Task to carry out |
Every line below is to be given again precisely; images are to be left out.

Provided material |
- - -

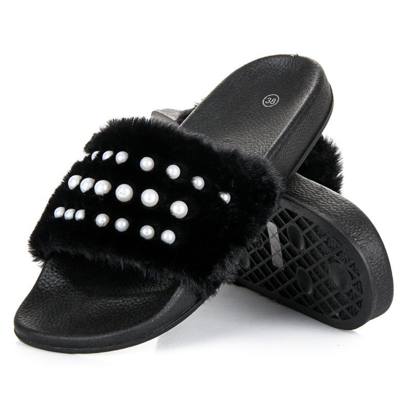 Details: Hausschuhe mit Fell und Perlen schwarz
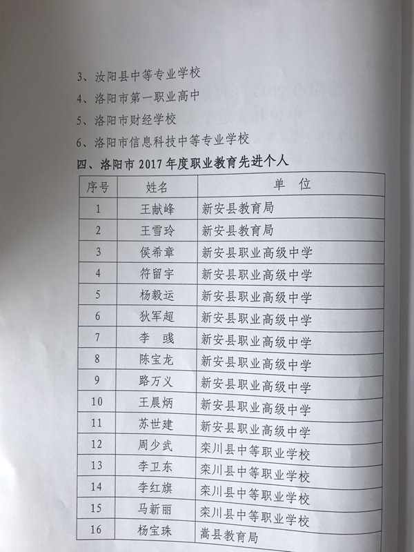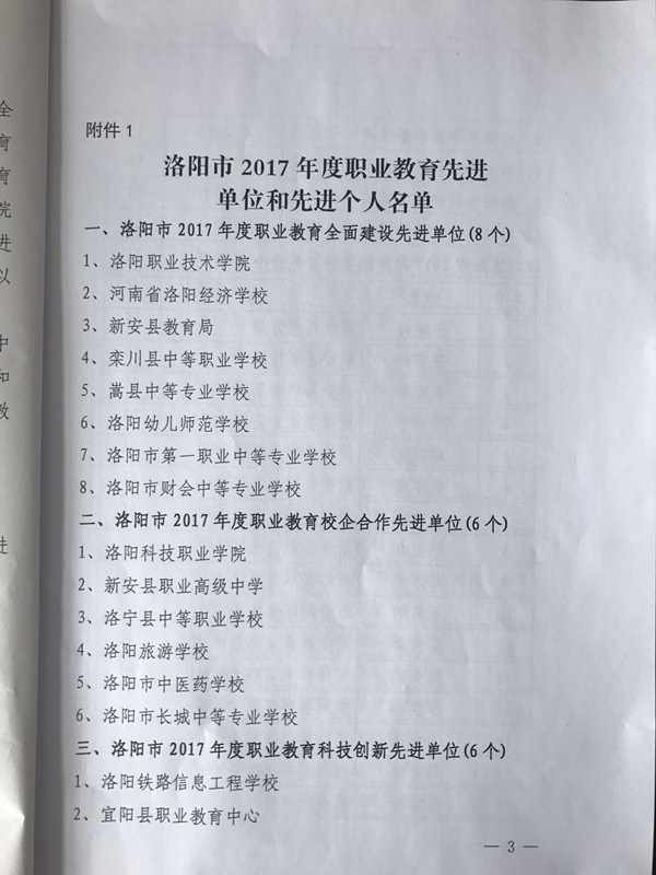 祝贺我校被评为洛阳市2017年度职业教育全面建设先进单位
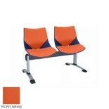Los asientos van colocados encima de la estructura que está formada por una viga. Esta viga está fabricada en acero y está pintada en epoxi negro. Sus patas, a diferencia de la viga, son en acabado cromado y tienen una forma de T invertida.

- - -

Answer to this task |
 Details: Hausschuhe mit Fell und Perlen schwarz
 祝贺我校被评为洛阳市2017年度职业教育全面建设先进单位
Los asientos van colocados encima de la estructura que está formada por una viga. Esta viga está fabricada en acero y está pintada en epoxi negro. Sus patas, a diferencia de la viga, son en acabado cromado y tienen una forma de T invertida.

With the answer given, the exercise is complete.